[Start of section]

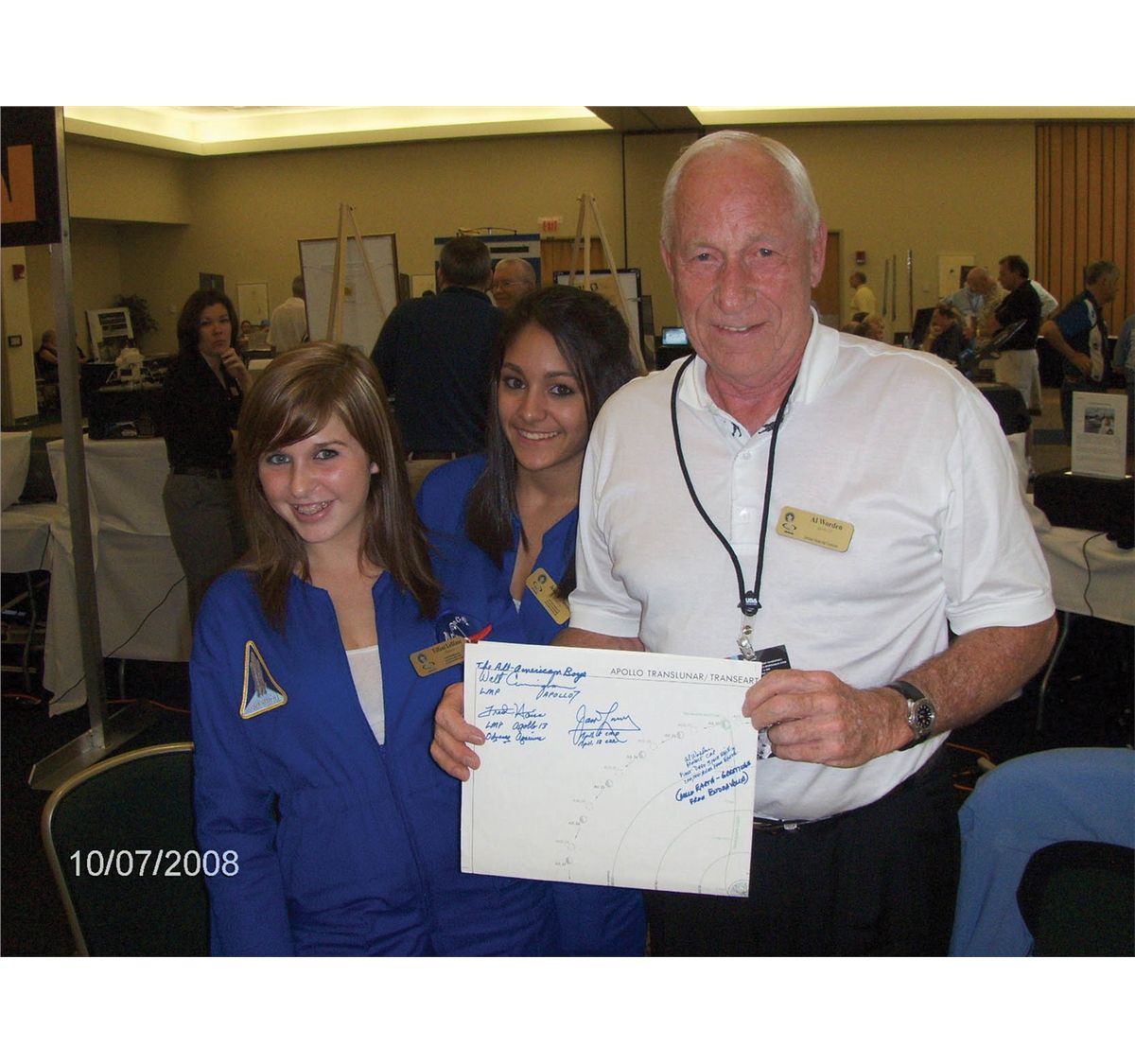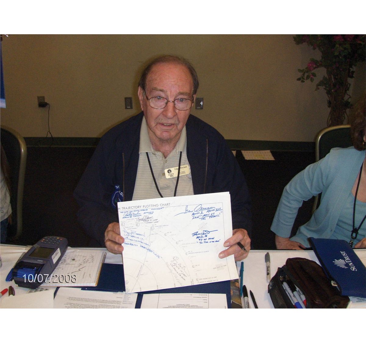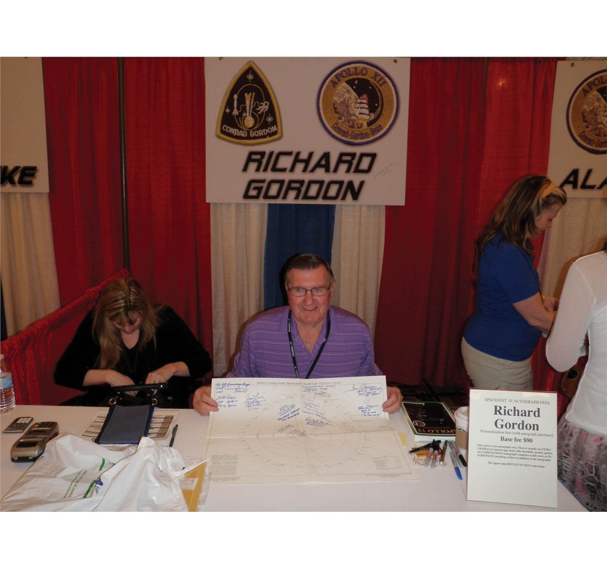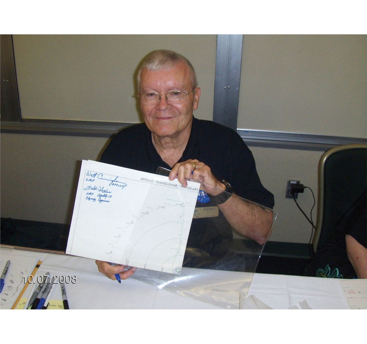 Apollo 11 Translunar/Transearth Trajectory Plotting chart, 23.75 x 20, dated June 23, 1969, originally from the Trimble estate, with pencil notations from the Apollo 11 mission, signed in various color felt tip by 12 Apollo astronauts. Signers are: “The All-American Boys, Walt Cunningham, LMP Apollo 7”; “Fred Hasie, LMP Apollo 13 Odyssey Aquarius”; “James Lovell, Apollo 8 CMD, Apollo 13 Cdr ‘Lost Moon’”; “Al Worden, Apollo 15 CMP, First deep space walk 200,000 miles from Earth (Hello Earth—Greetings from Endeavour)”; “Jim McDivitt, Apollo 9 CDR, Spider, Gumdrop”; “We copy you down Eagle, Charlie Duke, Apollo XI Capcom, Apollo 16 LMP, Moonwalker”; “Buzz Aldrin, Apollo XI LMP ‘Contact Light’”; “Alan Bean, LMP Apollo 12 4th man on the Moon, ‘Heavenly Reflections’”; “Richard Gordon Apollo XII CMP, Gemini XI Pilot”; “Gene Cernan, Apollo X, Apollo XVII ‘Last man on the Moon’”; “Dave Scott Apollo 15 #7 on Moon ‘Two sides of the moon’”; and “Edgar Mitchell Apollo 14 LMP 6th man on the moon, ‘The Way of the Explorer.’” In fine condition, with central horizontal and vertical fold and scattered light creases and wrinkles. Accompanied by a CD with photos taken at time of signing. A great collection of astronauts, all of whom have added extra notations regarding their missions. This chart is from the George Trimble Estate and has pencil notations made during the Apollo 11 flight.
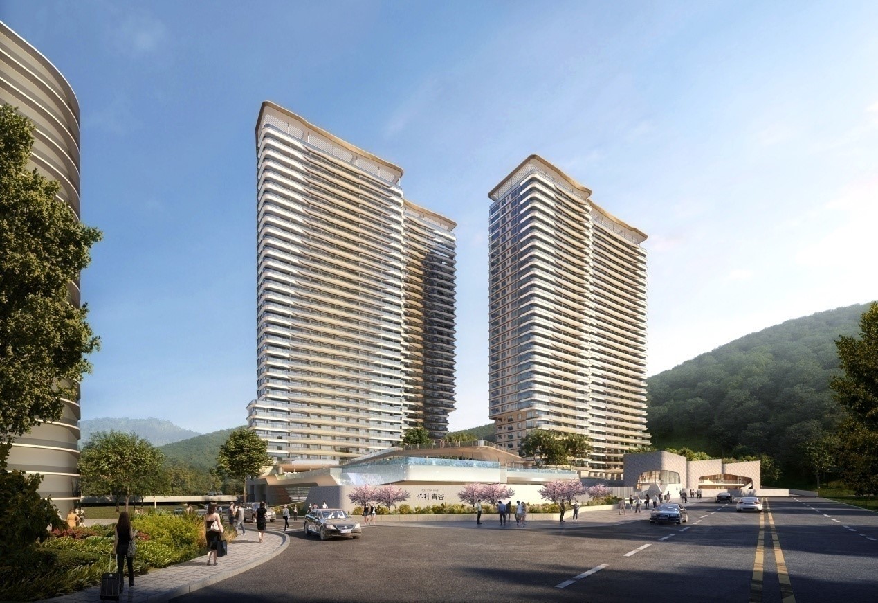位于廣東省深圳市龍崗區(qū),設(shè)計(jì)理念源自海濱卵石和流動(dòng)的水紋,結(jié)合山海自 然美感與舒適人居,以迭砌手法創(chuàng)造建筑 形體,取之自然而禮贊自然。立面設(shè)計(jì)利 用外墻欄板作出柔和波浪,透過(guò)流線襯托 高尚不喧的建筑氣質(zhì),主體以淺色系和香 檳金相互映襯,賦予個(gè)性鮮明的外表。幕 墻面積 30000 ㎡,建筑高度 107.2m,幕墻 形式有鋁板幕墻、石材幕墻等。
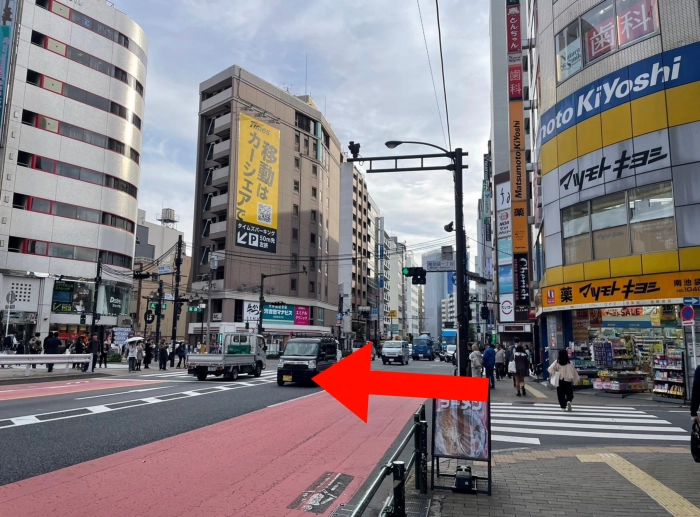 マツモトキヨシが見えたら、左の横断歩道を渡る
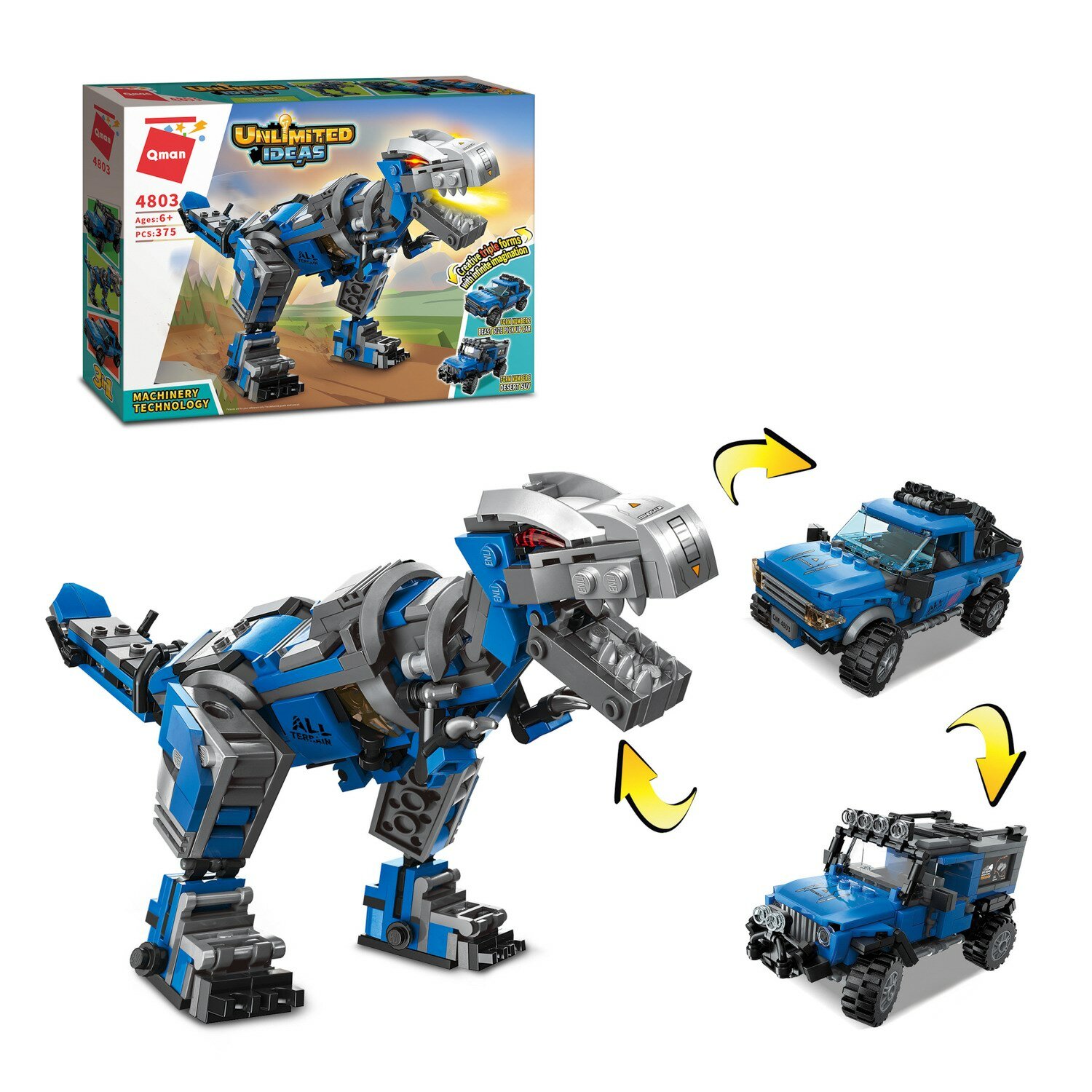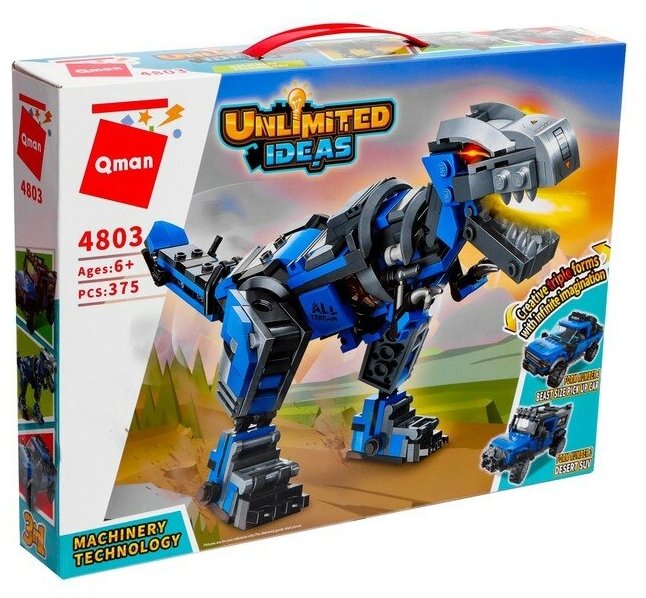 Конструктор Qman серия Unlimited Ideas 3в1 Динозавр Тираннозавр или 2 вида джипов 375 деталей

[End of section]

Your task is to repeat only the lines from the line containing "マツモトキヨシが見えたら、左の横断歩道を渡る" through the final line of the material, inclusive; do not include pictures.

 マツモトキヨシが見えたら、左の横断歩道を渡る
 Конструктор Qman серия Unlimited Ideas 3в1 Динозавр Тираннозавр или 2 вида джипов 375 деталей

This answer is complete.